Reputation: 502
Trying to determine a sensible way to clean dates (character), then put those dates in a proper date format via input
function, but maintain sensible variable names (and possibly even preserve the original variable names) once the char-to-number process is executed.

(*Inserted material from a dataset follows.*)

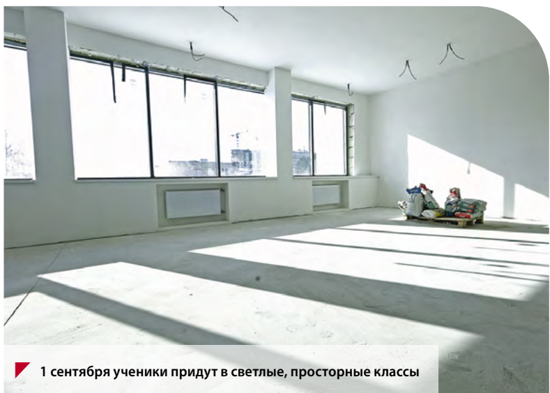
1 сентября ученики придут в светлые, просторные классы

Виктория ШУСТОВА.

The dates are being cleaned with an array (replacing '..'
with '01'
, or '....'
with 0101
) since there are about 75 variables that have dates as strings.
Ex. -
data sample;
input d1 $ d2 $ d3 $ d4 $ d5 $;
cards;
200103.. 20070905 20060222 2007.... 199801..
;
run;
data clean;
set sample;
array dt_cln(5) d1-d5;
array fl_dt (5) f1-f5;
*clean out '..'/'....', replace with '01'/'0101';
do i=1 to 5;
if substr(dt_cln(i),5,4) = '....' then do;
dt_cln(i) = substr(dt_cln(i),1,4) || '0101';
end;
else if substr(dt_cln(i),7,2) = '..' then do;
dt_cln(i) = substr(dt_cln(i),1,6) || '01';
end;
end;
*change to number;
do i=1 to 5;
fl_dt(i)=input(dt_cln(i),yymmdd8.);
end;
format f: date9.;
drop i d:;
run;
What would be the best way to approach this?
Upvotes: 0
Views: 632
Reputation: 4554
data want;
set sample;
array var1 newd1-newd5;
array var2 d:;
do over var2;
var1=input(ifc(index(var2,'.')^=0,put(prxchange('s/((\.){1,})/0101/',-1,var2),8.),var2),yymmdd8.);
end;
format newd1-newd5 yymmddn8.;
drop d:;
run;
Upvotes: 0
Reputation: 9569
You cannot preserve the original names and convert from character to numeric directly - however, with a bit of macro code you could drop all the old character variables and rename the numeric versions you've created. E.g.
%macro rename_loop();
%local i;
%do i = 1 %to 5;
f&i = d&i
%end;
%mend;
Then in your data step add a rename statement at the end, after your drop statement:
rename %rename_loop;
Otherwise, your existing approach is already pretty good. You could perhaps simplify the cleaning process a bit, e.g. remove your first do-loop and do the following within the second one:
fl_dt(i)=input(tranwrd(dt_cln(i),'..','01'),yymmdd8.);
Upvotes: 1